Monday, July 28, 2008

History of Fishing Rods

In the last few decades fishing rods have undergone a transformation from the heavy beasts they once were to light finesse rods we now take for granted. While heavy rods still have their place most anglers are switching to light graphite models.

The earliest fishing rods can be dated back to ancient Egypt, China, Greece, Rome and medieval England (they were called angles which is where we get the word angling and angler). The first accepted pictures of angling with a rod date back to 2000 BC from Egypt. These early fishing rods were made of wood, bone or stone. The simplest rods were made out of a tree branch.

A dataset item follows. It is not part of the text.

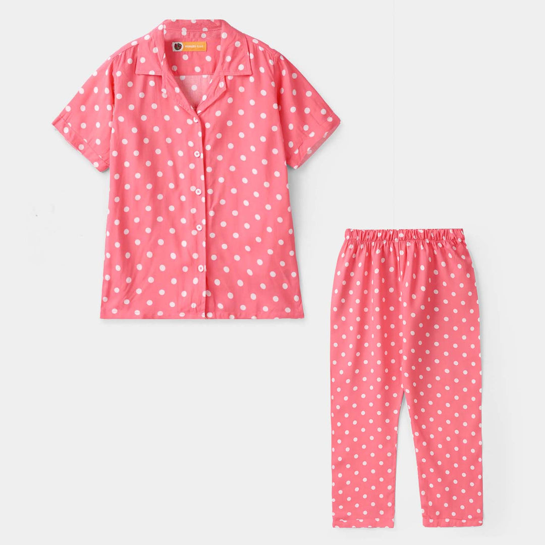 Girls Viscose Woven Night Suit-Multi Polka - Multi

By about 800 BC fishing with a rod, line and hook was a common practice and is well recorded. The rods were made of different types of wood that was tied or bound together. The line was made from horsehair or finely woven flax. There is even evidence that a form of lead sinker was used at around this time. This is also around the time that fly fishing was developed after anglers learned that certain fish would eat flies off the surface of the water.

Throughout the years fishing rods changed very little until the 17th century when a wire loop was added to the tip allowing the line to be let out and back in very easily. By the end of the 18th century rods with guides along the length of the rod were common and this lead to the invention of the fishing reel.

In the 20th century rods underwent their most important transformation when the commonly used bamboo was replaced by fiberglass and, the lighter, carbon fiber.